濃いめの玉露が染み渡り、瑠衣の高ぶっていた気持ちを落ち着かせてくれる。
「で? あなたに勝ち目はあるんですの?」
「全くないですね。本気の兄様に勝つなんてとんでもない話ですよ。作戦らしい作戦も何にも浮かびません。例え試合に負けても勝負に勝てるといいんですけど。」
「何ですのそれ? 負けは負けなのではないんですの?」
「試合に負けても勝負に勝つ。つまり、翔様に負けたとしても、瑠衣様の願いが聞き入れられる状況ですね。瑠衣様の力量が翔様に認められれば可能かもしれません。」
「どちらにしても、厳しそうね。」
萌生の説明に、明日花は苦い顔をした。
「とりあえず、今から明日丸1日、萌生には暇を出しますわ。」
「明日花様、よろしいのですか?」
「よろしいも何も、あなた瑠衣につきあうつもりでしょう? それから瑠衣、今日は泊まって行くといいですわ。
「そんな、城内なんて・・・私はここで野営で大丈夫です。」
「そんな事して何かあったら、今度こそ私殺されますわ。私たちの為にも、ちゃんと部屋で寝休んでもらいますわ。」
「・・・そうさせていただきます。」
素直に頷いた瑠衣に満足した明日花は、お茶菓子をポンっと口に入れ、「あら、これ美味しいですわ」と微笑んだ。その顔につられて、思わず瑠衣も笑顔になる。
「瑠衣はそうやって、笑ってた方が可愛いですわ。さっきは、ちょっと
「え? 私そんなに怖い顔してました?」
「えぇ。兄妹はやっぱり似るものなんだなって感じましたわ。でも少し羨ましい気も。信頼関係があるからこそ、全力でぶつかれる。・・・素敵な関係ですわ。」
はにかむ明日花。そんな明日花を萌生が切なそうに見つめつつ、「私も感じました。」と明日花に続ける。

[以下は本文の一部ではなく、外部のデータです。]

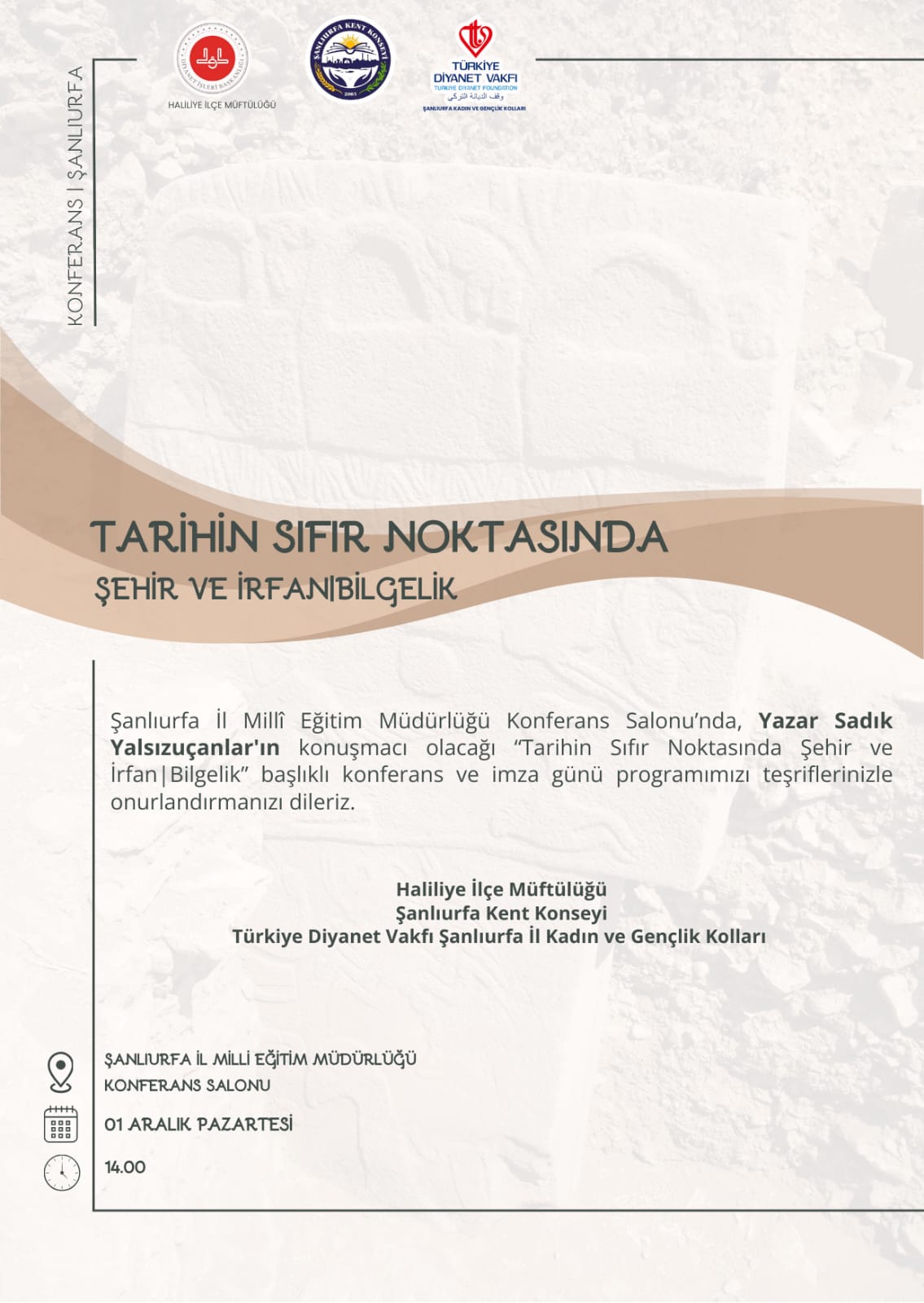 Konferans, 1 Aralık Pazartesi günü saat 14.00’te Milli Eğitim Müdürlüğü Konferans Salonu’nda gerçekleştirilecek. Etkinlik; Şanlıurfa Kent Konseyi, Haliliye İlçe Müftülüğü, Türkiye Diyanet Vakfı ve paydaş kurumların iş birliğiyle düzenleniyor.

「私には詳しい事情はわかりかねますが、お二人には同じ想いがあるよう感じました。」
「お互いに引かないって意地ですか?」
「いえ、もっと根本にある想いです。お互いを大切に想い合う心というか・・・お互いが大切だからこそ、絶対に譲れない。そういうものが見えたからこそ、史郎様も間に入られたのではありませんか?」
その言葉に、瑠衣は見えていなかった翔や史郎の気持ちに触れる。あらためて、協力を申し出た明日花や萌生の想いをかみしめる。
「なら、やっぱり負けるわけにはいきませんね!」
瑠衣の心に闘志が宿る。
不敵に笑うその顔を見て、明日花と萌生は顔を見合わせ、そっと微笑むのだった。